### ABOUT THIS TASK
Restate the entries below exactly, and keep all images out of the answer.

### SUPPLIED MATERIAL
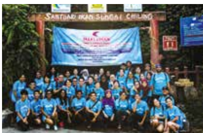
A Students-Alumni Adventure at Chilling Waterfalls Hiking Trip in Kuala Kubu Bharu.
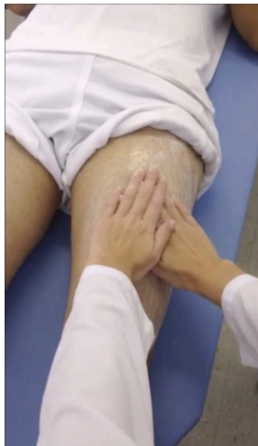
Massage therapy techniques.
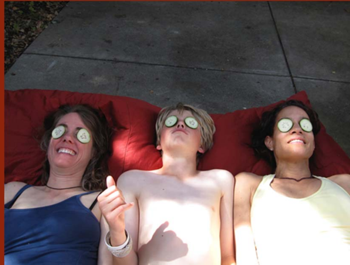
Relaxing at the Spa
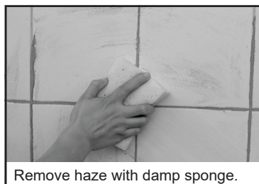
Remove haze with damp sponge.

After 5 minutes remove haze on tiles with a damp sponge. After 1 to 1 ½ hours, polish remaining residue with a lint-free cloth to reveal the grout color. Ready for foot traffic after 24 hours.
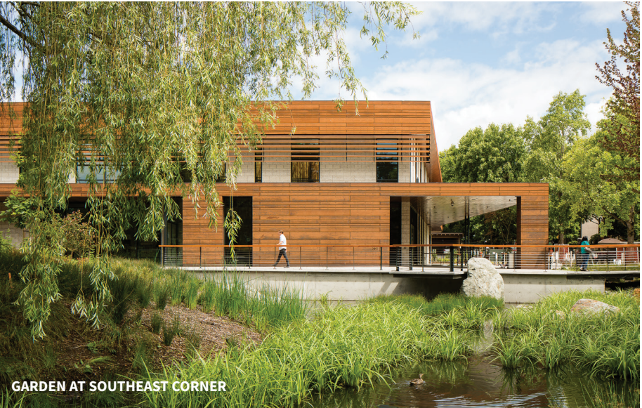
GARDEN AT SOUTHEAST CORNER
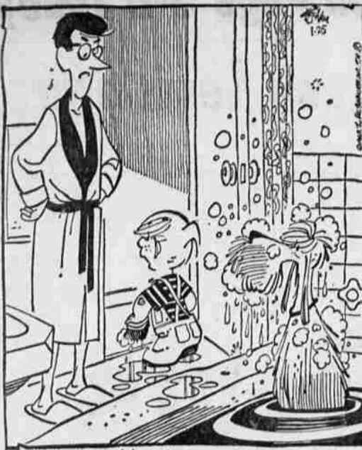
MOM! CAN YOU COME UP HERE AN MAKE DAD BE PATIENT?
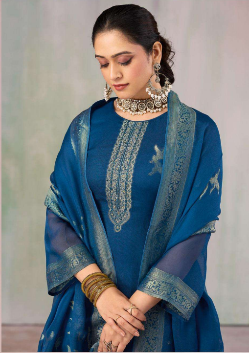
Draped in the richness of tradition, whispered with subtle elegance 2403
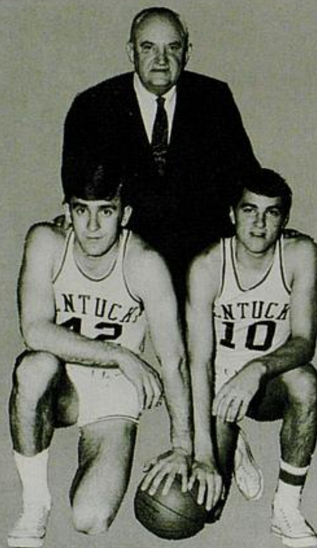
Coach Adolph Rupp with All-Americans Pat Riley and Louie Dampier
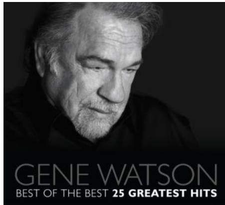
Chart-topping artist Gene Watson has been on the country music scene for 50 years now. To commemorate that golden anniversary, Watson is diving back into his five-decade catalogue to re-record his Top 25 songs for his 'Best of the Best: 25 Greatest Hits' record, available on Feb. 14. And his end goal is not to take a new spin on the tunes but, instead, to preserve each one and get it as close to the original recording as possible.

### ANSWER BELOW
A Students-Alumni Adventure at Chilling Waterfalls Hiking Trip in Kuala Kubu Bharu.
Massage therapy techniques.
Relaxing at the Spa
Remove haze with damp sponge.

After 5 minutes remove haze on tiles with a damp sponge. After 1 to 1 ½ hours, polish remaining residue with a lint-free cloth to reveal the grout color. Ready for foot traffic after 24 hours.
GARDEN AT SOUTHEAST CORNER
MOM! CAN YOU COME UP HERE AN MAKE DAD BE PATIENT?
Draped in the richness of tradition, whispered with subtle elegance 2403
Coach Adolph Rupp with All-Americans Pat Riley and Louie Dampier
Chart-topping artist Gene Watson has been on the country music scene for 50 years now. To commemorate that golden anniversary, Watson is diving back into his five-decade catalogue to re-record his Top 25 songs for his 'Best of the Best: 25 Greatest Hits' record, available on Feb. 14. And his end goal is not to take a new spin on the tunes but, instead, to preserve each one and get it as close to the original recording as possible.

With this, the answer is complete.